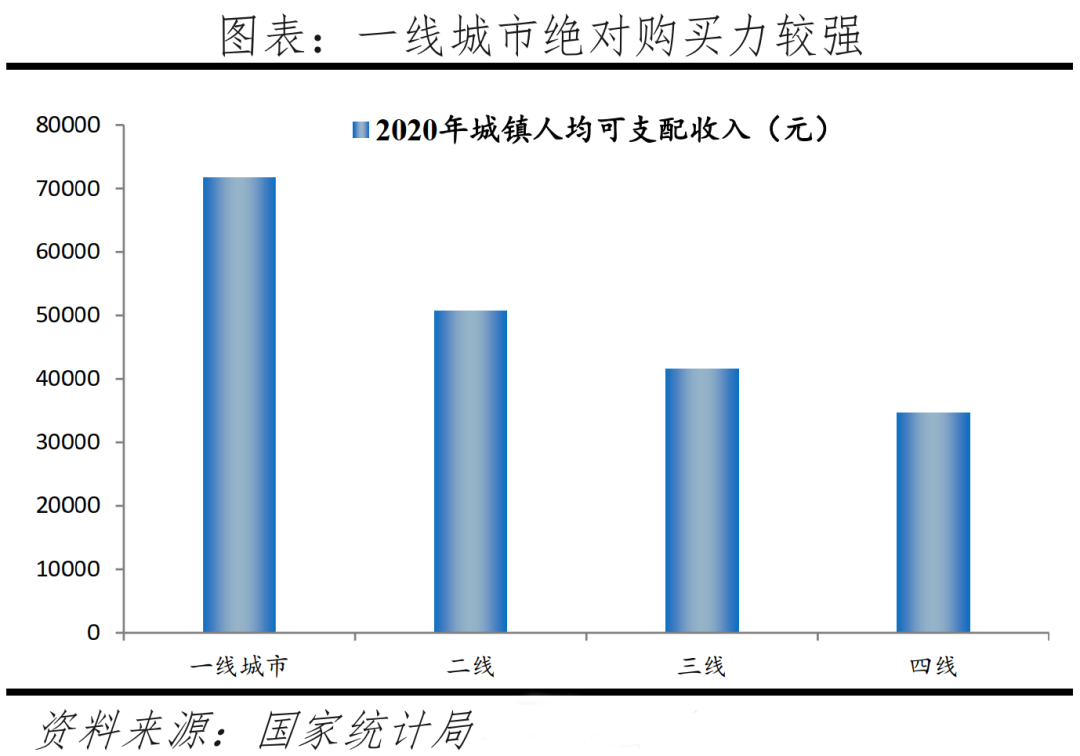 絕對購買力包括收入和存款,2020年一線、二線、三線、四線城鎮人均可支配收入分別為7.2、5.1、4.2、3.5萬元。
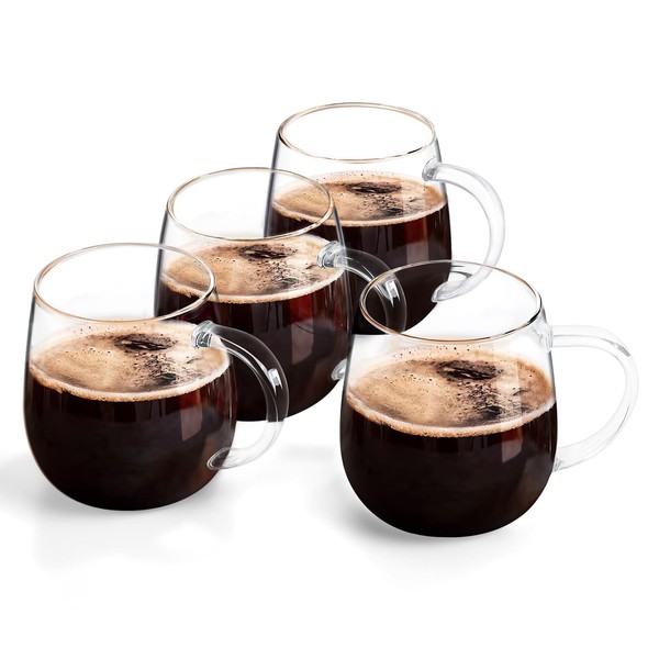 MAQQL Coffee Cup Set of 4, high borosilicate glass cups, clear glass coffee cups, large glassware set, 16 ounce glass cups with handles, can also be given as gifts
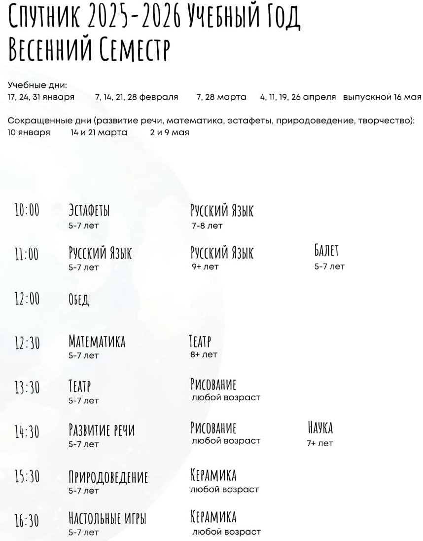 Занятия в школе «Спутник» проходят каждую субботу с 10:00 до 17:00 (10 am — 5 pm) на русском языке. Мы предоставляем классы для детей: русский, чтение, балет, творчество, наука, робототехника, театр, рисование, шахматы и спортивные классы (футбол, тхэквондо, хоккей на траве). А так же классы и клубы для взрослых: йога, английский, книжный клуб, бизнес/IT клуб. В школе преподают как профессиональные учителя, так и волонтёры. Мы всегда рады сотрудничеству и дружбе с талантливыми представителями нашего русского комьюнити. В программе классы на русском языке – академические и творческие. Также проводятся выставки картин, поделок, обмен книгами (book club), театральные постановки, концерты и другие культурные события. Каждую неделю собираются несколько десятков семей для физического общения, обучению языкам, реализации творческих проектов. У нас можно встретить настоящую дружбу и поддержку!
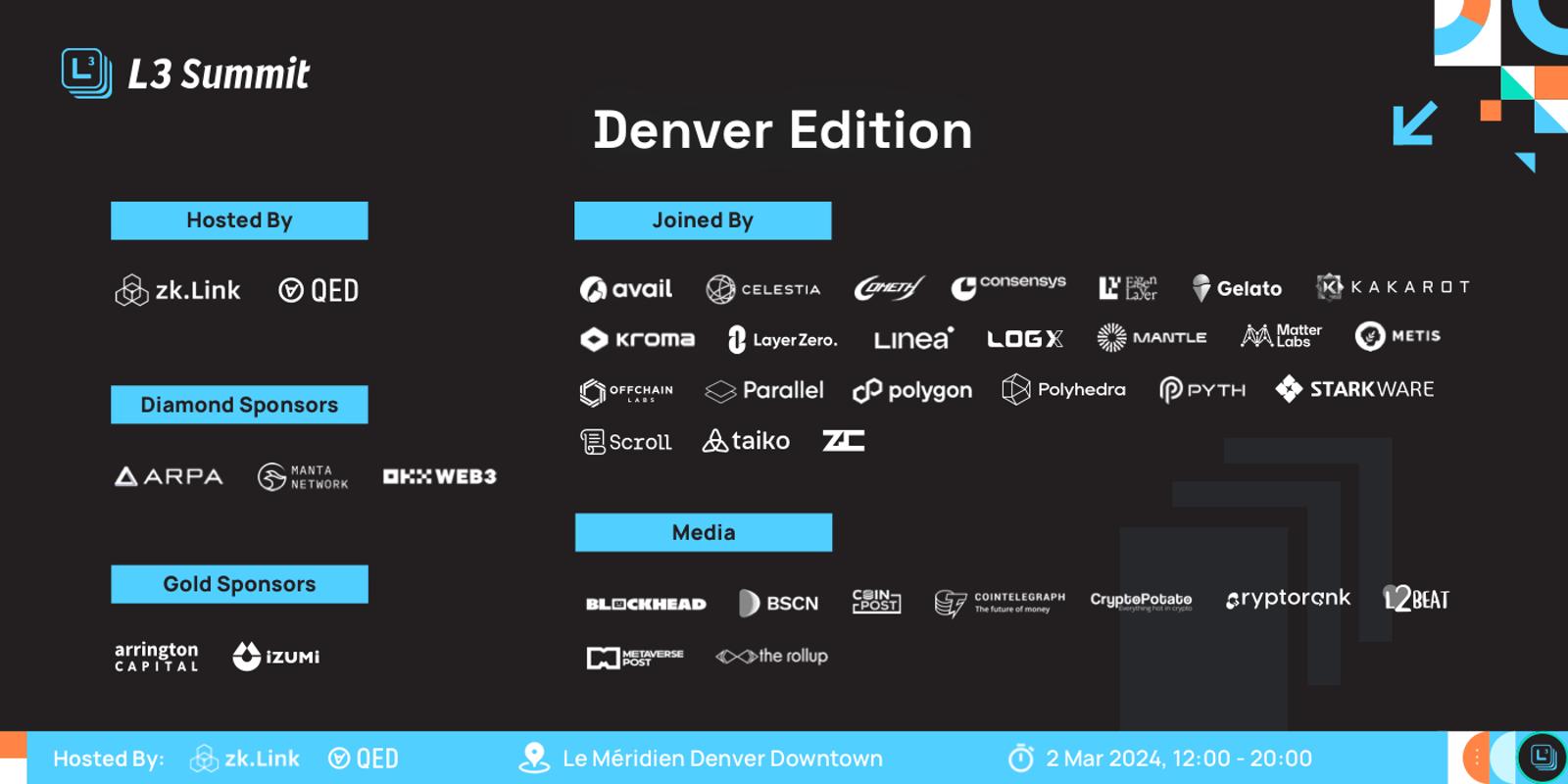 L3 Summit: Denver Edition is a zkLink-initiated event series that educates, amplifies, and shares research about the current status of Layer 3 development from the world's leading Layer 1 and Layer 2 blockchain protocols.
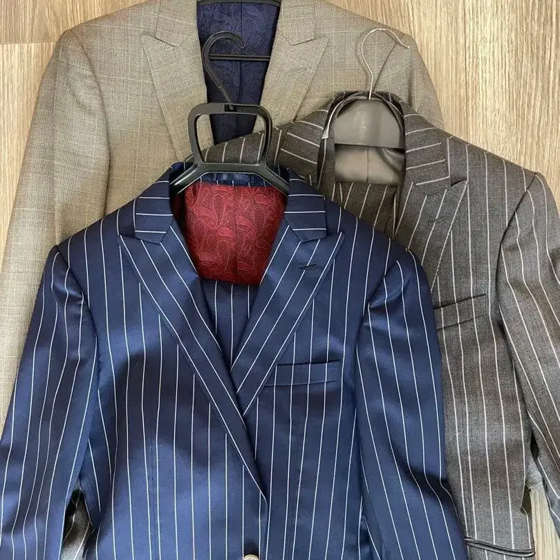 네이비, 그레이, 그레이의 비즈니스 정장 3세트입니다.
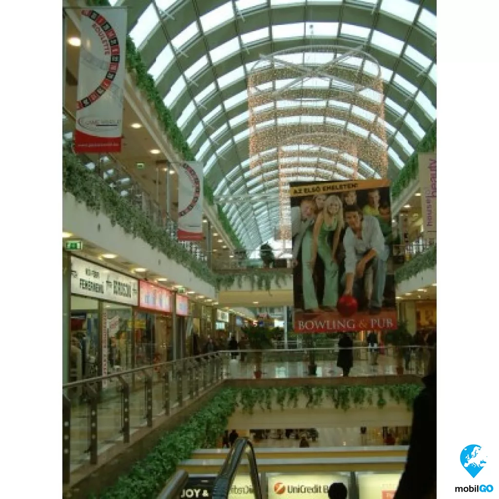 Az üzletközpont elso két szintjén a kereskedelmi és szolgáltató egységek dominálnak, a harmadik szinten pedig a szórakoztatás és a vendéglátás kap helyet.
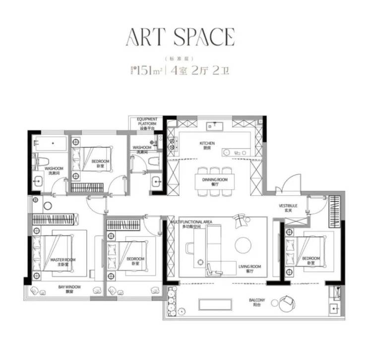 建面约151㎡四房两厅两卫户型,相较于建面约128㎡户型更大的面积,意味着居住舒适度会更高。五开间朝南,约16米南向面宽,约9.1米阔景阳台,超气派餐客厅一体化设计,方寸之间设计感与尊崇感尽显,这个户型的每一项亮点拎出来在同面积段户型中都是王炸级的存在。
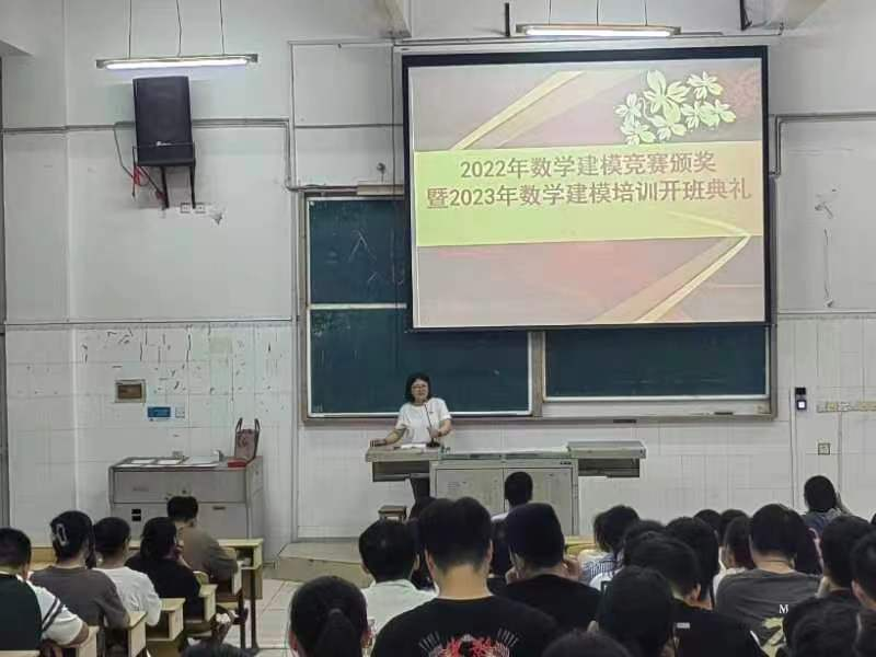 2023年5月18日19时, 2022年数学建模竞赛颁奖暨2023年数学建模培训开班典礼在教学楼617顺利举行。基础教育学院数学教研室主任赖婷婷以及全体数学教师、2022年数学建模竞赛获奖的参赛队员和报名参加2023年数学建模培训的学生共一百多人参加了本次典礼。典礼由赖婷婷主持。
-------
Work request:
Each line above should be written out again unchanged; no images are to be carried over.

Solution:
 絕對購買力包括收入和存款,2020年一線、二線、三線、四線城鎮人均可支配收入分別為7.2、5.1、4.2、3.5萬元。
 MAQQL Coffee Cup Set of 4, high borosilicate glass cups, clear glass coffee cups, large glassware set, 16 ounce glass cups with handles, can also be given as gifts
 Занятия в школе «Спутник» проходят каждую субботу с 10:00 до 17:00 (10 am — 5 pm) на русском языке. Мы предоставляем классы для детей: русский, чтение, балет, творчество, наука, робототехника, театр, рисование, шахматы и спортивные классы (футбол, тхэквондо, хоккей на траве). А так же классы и клубы для взрослых: йога, английский, книжный клуб, бизнес/IT клуб. В школе преподают как профессиональные учителя, так и волонтёры. Мы всегда рады сотрудничеству и дружбе с талантливыми представителями нашего русского комьюнити. В программе классы на русском языке – академические и творческие. Также проводятся выставки картин, поделок, обмен книгами (book club), театральные постановки, концерты и другие культурные события. Каждую неделю собираются несколько десятков семей для физического общения, обучению языкам, реализации творческих проектов. У нас можно встретить настоящую дружбу и поддержку!
 L3 Summit: Denver Edition is a zkLink-initiated event series that educates, amplifies, and shares research about the current status of Layer 3 development from the world's leading Layer 1 and Layer 2 blockchain protocols.
 네이비, 그레이, 그레이의 비즈니스 정장 3세트입니다.
 Az üzletközpont elso két szintjén a kereskedelmi és szolgáltató egységek dominálnak, a harmadik szinten pedig a szórakoztatás és a vendéglátás kap helyet.
 建面约151㎡四房两厅两卫户型,相较于建面约128㎡户型更大的面积,意味着居住舒适度会更高。五开间朝南,约16米南向面宽,约9.1米阔景阳台,超气派餐客厅一体化设计,方寸之间设计感与尊崇感尽显,这个户型的每一项亮点拎出来在同面积段户型中都是王炸级的存在。
 2023年5月18日19时, 2022年数学建模竞赛颁奖暨2023年数学建模培训开班典礼在教学楼617顺利举行。基础教育学院数学教研室主任赖婷婷以及全体数学教师、2022年数学建模竞赛获奖的参赛队员和报名参加2023年数学建模培训的学生共一百多人参加了本次典礼。典礼由赖婷婷主持。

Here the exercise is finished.